Does anybody here have a name with an apostrophe that many web pages won’t accept in their input fields?
I don’t have any apostrophe in my my real name. But I use the name O’Riley as an alias when I’m filling out web pages that I know are going to lead to being bombarded with spam. But a lot of the bull crap pages won’t accept O’Riley as a valid value because of the apostrophe.
Does that infuriate anyone who really has an apostrophe in their name?
I have a hyphenated first name. Many websites won’t accept it so I’m forced to use one-half my name or, when possible, indicate a first and middle name. Even websites that seem to handle it often ignore the hyphen and run it together.
I have a space in my last name. I don’t usually use it ever when online, but I would say 90% of standardized tests and things like that with bubble fields that I took in High School didn’t accomodate that, so I was never sure on the ones that did whether or not to put a space in it, to keep it the same as the other ones.
I’m in college now, and my name has a space in it as I’m registered, but my ID card deosn’t, and somehow they won’t let my brother fix his so it has a space.
Should I make a big stinking media row to complain about how people with “non-standard” names are being discriminated against?
My last name is O’Neill and I’ve had difficulty here and there, but on the whole a lot of different fields are smart enough to understand the apostrophe. The most common variation I see is “O/Neill”, but that’s only showed up a total of about 5 times through the years.
I’ve also had to deal with the issue of standardized tests. Usually the forms tell you what to do in case of a hyphen or apostrophe, but most of the time I end up just omitting it and entering my name as “ONeill”

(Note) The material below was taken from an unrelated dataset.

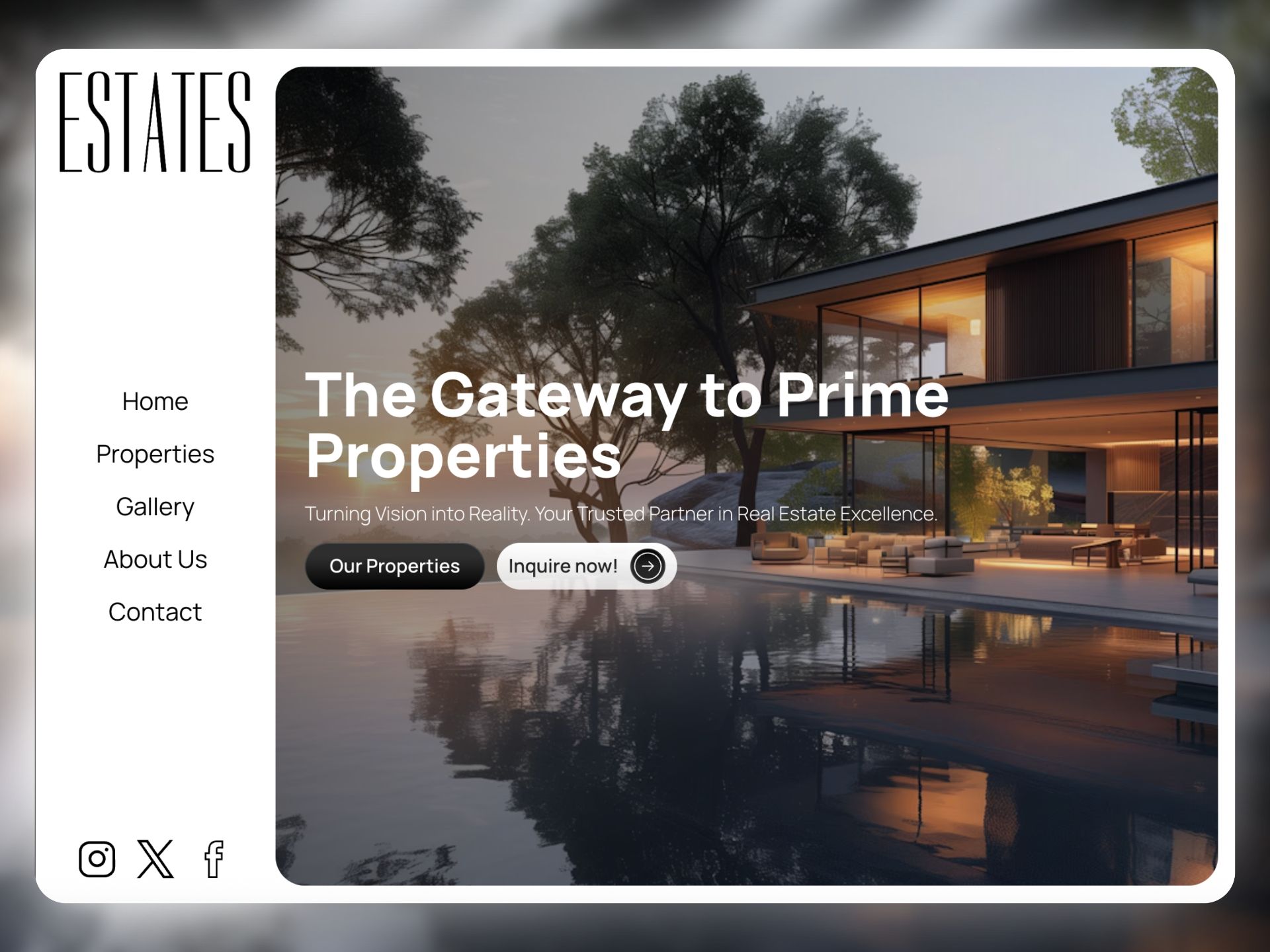 A refined, minimalistic real estate site with a soft cream background, subtle gray accents, and clean typography. The user-friendly design creates a calm, elegant experience — perfect for showcasing luxury properties with understated sophistication.

It’s a database (SQL) thing. The problem is that somewhere in the depths of the website’s programming it converts the form to insert the record in the database of members.
The language needed to interact with the database looks something like this:
INSERT INTO members (Name) VALUES(‘Tom O’Reily’);
See how the values section is apostrophe delimited? If you tried to insert that, the system wouldn’t know what the Reily part was and crash out. The programmer who set it up realized this (after getting back complaints from users) and he undoubtedly took the easy way out by changing apostrophes into another character instead of looking at a way to include them safely.
It’s poor programming. There’s many ways to do this better, and if apostrophes don’t work on a website then chances are there are some major security holes the programmer completely missed. (e.g. A single user registering with a name of “);DROP TABLE MEMBERS;” could erase all the user names.)
If you like the site, you can do the site administrator a big favor by e-mailing him and say that a programmer friend of yours recommended looking into placeholders as a better way to do SQL transactions.
(laughing) That was certainly garbled. Let me translate myself to English:
The websites that have problems with your name are falling into a common programming trap. The problem is that there are certain characters which mess up databases. Apostrophes are certainly the most common criminal. The programmer of the site realized that there was a problem with apostrophes and either inserted code to change them into an innoculous character, or omitted them completely.
If you like the site, you should email them, tell them your problem, and say that a programmer friend recommended looking into this page on “placeholders”:
This is not because the programmer was trying to avoid database problems, it’s because the programmer was an idiot of simply didn’t think of handling it. It can always be handled properly.
One time teaching Software Engineering, the term project was to do a parking permit system. I could not believe how naive all the students were. They assumed that all license plates were from our state and in 3 letter-3 digit format. I went round and round with their specifications. Each time pointing out how they still were missing something. “What if they’re from another state?” “What if they have personalized license plates?” “What if the state replaces the plates (again) and goes to 3 digit-3 letter?” (Which they did.) What about specialty college plates where there’s a college logo and then 4 digits?" (So the same 4 digits appear on a lot of plates.) I just couldn’t get them to think “big” about just this one issue, let alone all the others.
A trick to fix this (on the programming side) is to replace all “’” with “’’” (the full line in ASP is Replace(txtLName, “’”,"’’"), and most languages have a string replace function). If it is a database issue, you can try manually inserting the two single quotes (in other words, type O’'Neill).
And bluetrust, the DROP TABLE MEMBERS wouldn’t work unless not only was the programmer careless, but the DBA careless as well. Giving a casual user delete access isn’t that common.